Goal 2: Let's change the rules, we have to check how much points user is missing for the predecessor

Here we can use window functions too, this time the LAG function - which refers to the previous a row in the result, let's look at an example:


SELECT id, first_name, last_name, points,
       LAG(points) OVER (ORDER BY points DESC) AS previous_points
FROM users;


 id | first_name  | last_name  | points | previous_points
----+-------------+------------+--------+-----------------
 13 | Emmy        | Haley      |    196 |
 11 | Saul        | Frami      |    172 |             196
 29 | Danyel      | Hodkiewicz |    154 |             172
  8 | Colby       | Ankunding  |    152 |             154
 32 | Micki       | Jenkins    |    148 |             152
  3 | Houston     | Hilll      |    142 |             148
 14 | Cherrie     | Feeney     |    131 |             142

In previous_points we can see the result that the predecessor received. Simply subtract the values from both columns and we have the result. We must remember that, in the case of the leader, we have NULL value, so we need to use COALESCE


SELECT id, first_name, last_name, points,
       points - COALESCE(LAG(points) OVER (ORDER BY points DESC), points) AS previous_difference
FROM users;


 id | first_name  | last_name  | points | previous_difference
----+-------------+------------+--------+---------------------
 13 | Emmy        | Haley      |    196 |                   0
 11 | Saul        | Frami      |    172 |                 -24
 29 | Danyel      | Hodkiewicz |    154 |                 -18
  8 | Colby       | Ankunding  |    152 |                  -2
 32 | Micki       | Jenkins    |    148 |                  -4
  3 | Houston     | Hilll      |    142 |                  -6
 14 | Cherrie     | Feeney     |    131 |                 -11

 

The last example I would like to show the transfer of funds between two clients (functionality similar to the banking system), we have 2 users:


 id | first_name  | last_name  | balance
----+-------------+------------+---------
 11 | Saul        | Frami      |     300
 14 | Emmy        | Haley      |      60

Goal: We want to send 100$ from Saul to Emmy.
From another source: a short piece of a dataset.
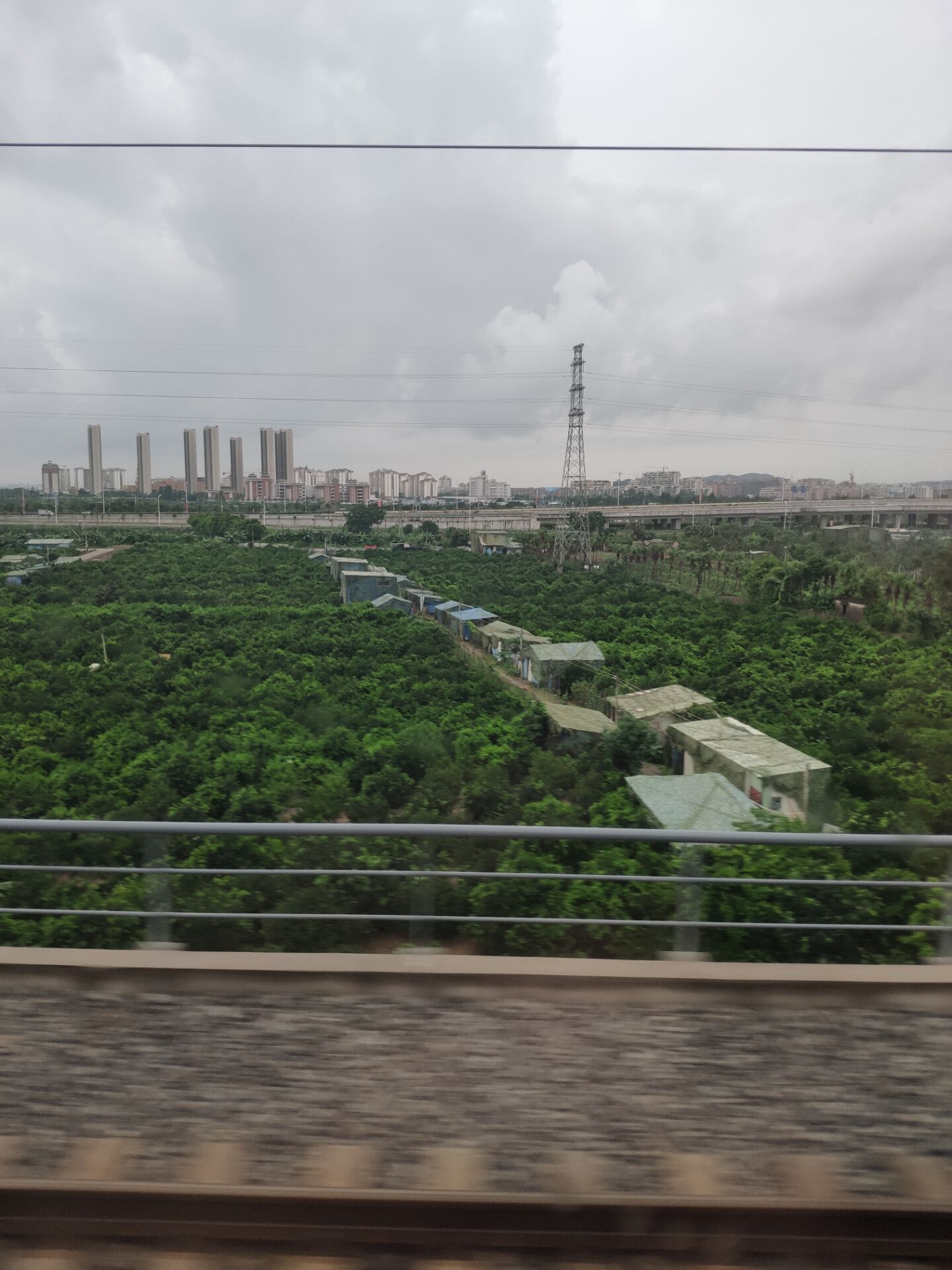 窗外天气时阴时雨,但满眼总是郁郁葱葱,空旷处能看到远方不高的群山,雾气缭绕。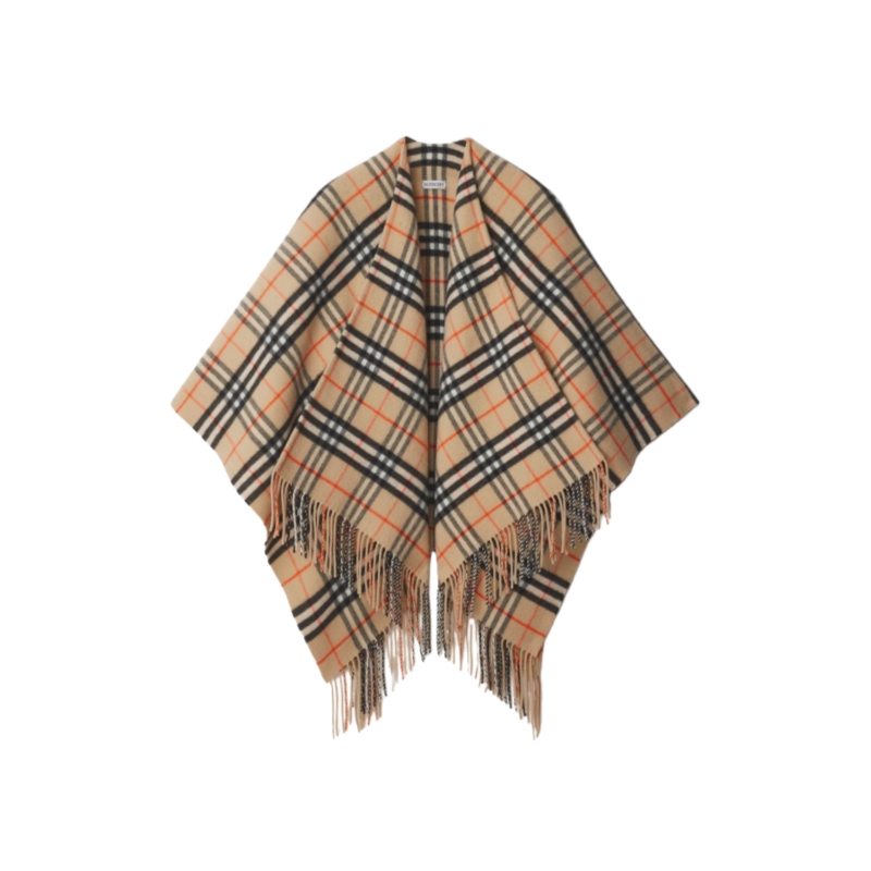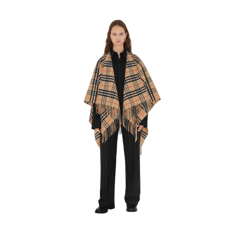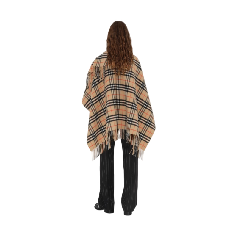 A cape made from lightweight wool cashmere, woven in the Burberry Check at a 200-year-old Scottish mill. The fabric is washed in local spring water and receives two additional washes for an ultra-soft finish and raised nap. Part of Burberry Classics, wardrobe foundations with a unique Burberry slant.

Before the transfer, make sure that the status has not changed - Saul has at least 100$. In the network, we can find different solutions to this problem, they usually use transactions and locking. The following method performs an atomic update, using only a single query:


UPDATE users
   SET balance = CASE WHEN id = 14 THEN balance + 100
                      WHEN id = 11 THEN balance - 100
                 END
WHERE id IN (11, 14) AND
      EXISTS (SELECT id FROM users WHERE id = 14) AND
      EXISTS (SELECT id FROM users WHERE id = 11 AND balance >= 100);

In WHERE we restrict the update to 2 users, then we check all users definitely exist and whether the balance is sufficient. In CASE statement, we consider two cases - the user's balance of id 14 must be increased whereas the user's with id 11 decreased.

Thank you for reading, I hope that the examples will be useful for you.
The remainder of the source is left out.